Viele Gaskraftwerke produzieren neben Strom außerdem auch Wärme, so Löschel weiter. "Die Kernkraftwerke tun das nicht. Wir könnten durch sie höchstens das Gas einsparen, das sonst für die Stromproduktion verbraucht wird. Viel wäre das wahrscheinlich aber nicht."
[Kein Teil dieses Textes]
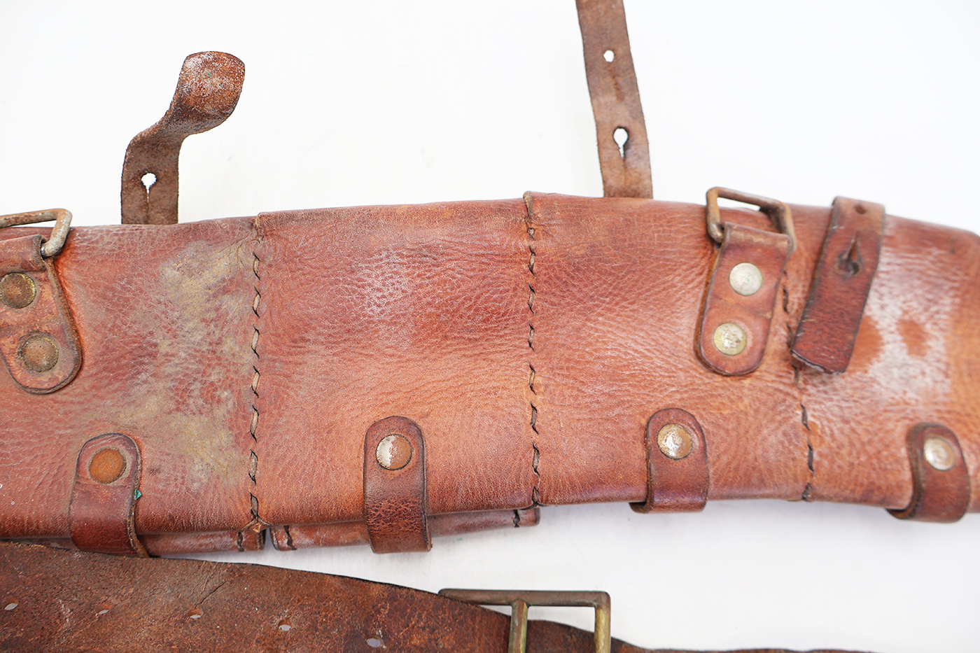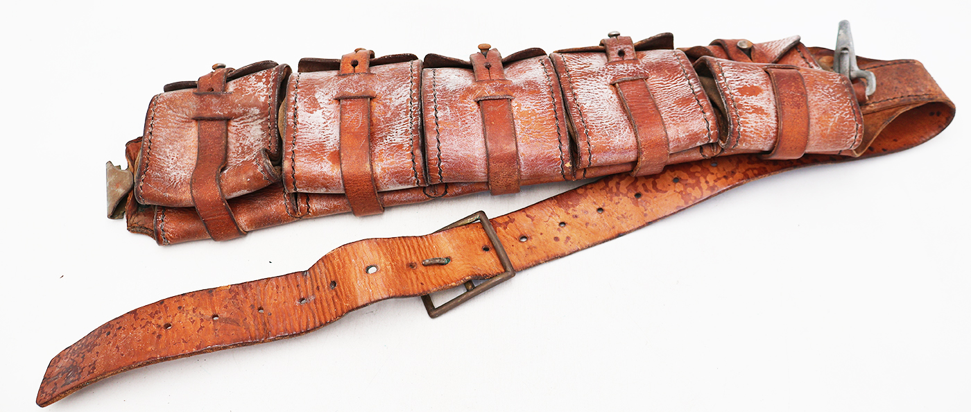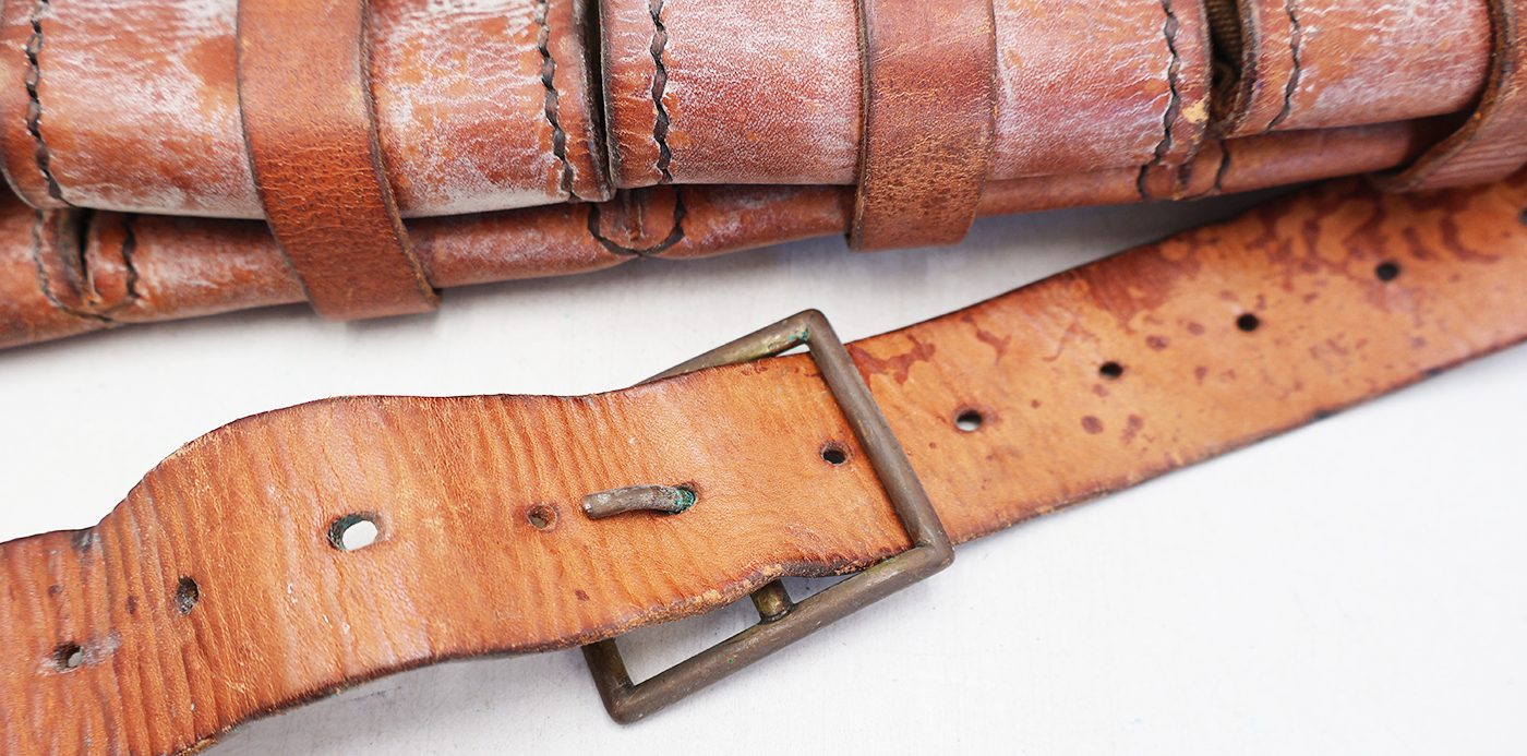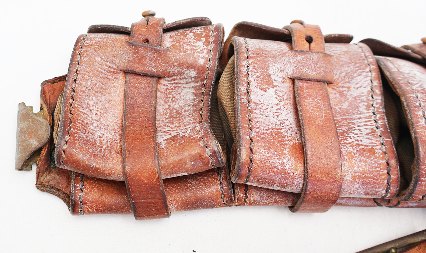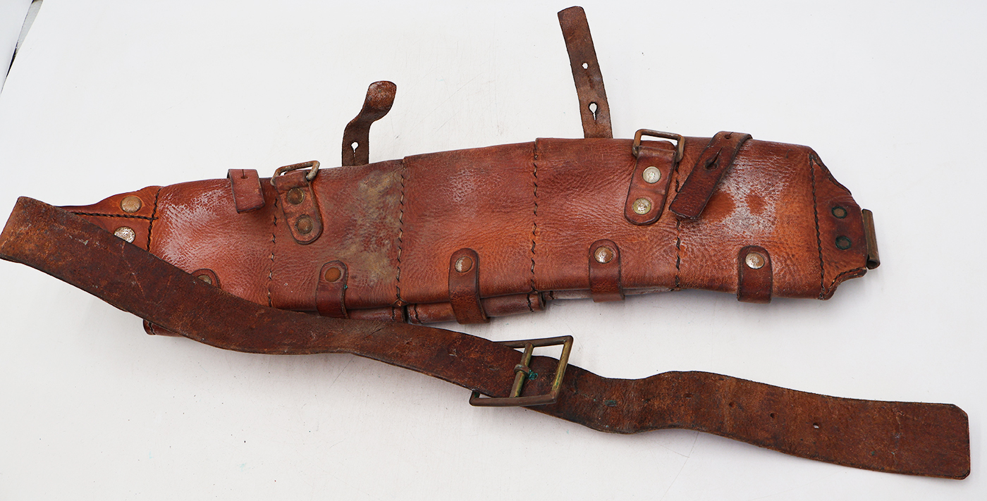 WWI or WWII era Swedish M-10 Mauser 5 Pocket Bandolier. Leather body has some wear and discoloration from usage. But the leather is still supple and intact. Metal hardware has minor corrosion. Bandolier can easier be cleaned up to its original condition.
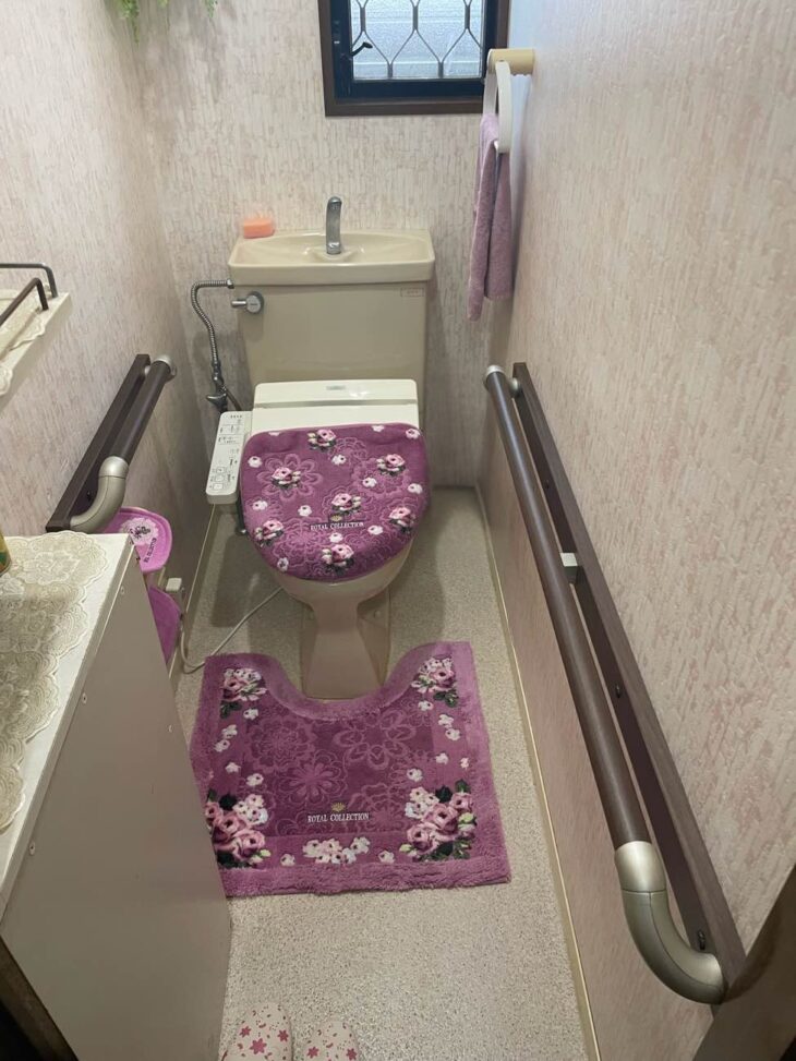 トイレの両側に手摺を設置。立ち座りだけでなく、出入りまでしっかりサポートします 。

Atom ist eine Gespensterdebatte

Energie-Expertin Prof. Claudia Kemfert ist gegen einen "Streckbetrieb" für die deutschen Atomkraftwerke. Im Klima-Podcast von MDR AKTUELL sagte sie, "der Streckbetrieb nützt uns nichts, weil wir nicht mehr Strom produzieren." Wenn es wirklich darum ginge, mehr Gas einzusparen, müsse man mehr Strom produzieren, so wie man das jetzt bei der Kohle mache. Außerdem stünden Aufwand und Ertrag in keinem Verhältnis, weil das Atomgesetz geändert werden müsse. "Die Betriebsgenehmigungen sind erloschen. Auch im Streckbetrieb müssen wir Prüfungen vornehmen. Und diese betriebsbedingten Prüfungen sind 13 Jahre nicht erfolgt. Sie sind auch 2019 deswegen nicht gemacht worden, weil die Anlagen Ende des Jahres vom Netz gehen", sagte Kemfert. Grundsätzlich sieht Kemfert im Atom-Streit "eine politische Gespensterdebatte". Seit 20 Jahren seien es immer diese Debatten über vergangene Techniken, die uns dann am Ende aufhielten und uns nicht weiterbrächten. Es laufe eine orchestrierte Kampagne pro Atom, die nicht totzukriegen sei. Stattdessen sei auffällig, dass keiner über erneuerbare Energien rede.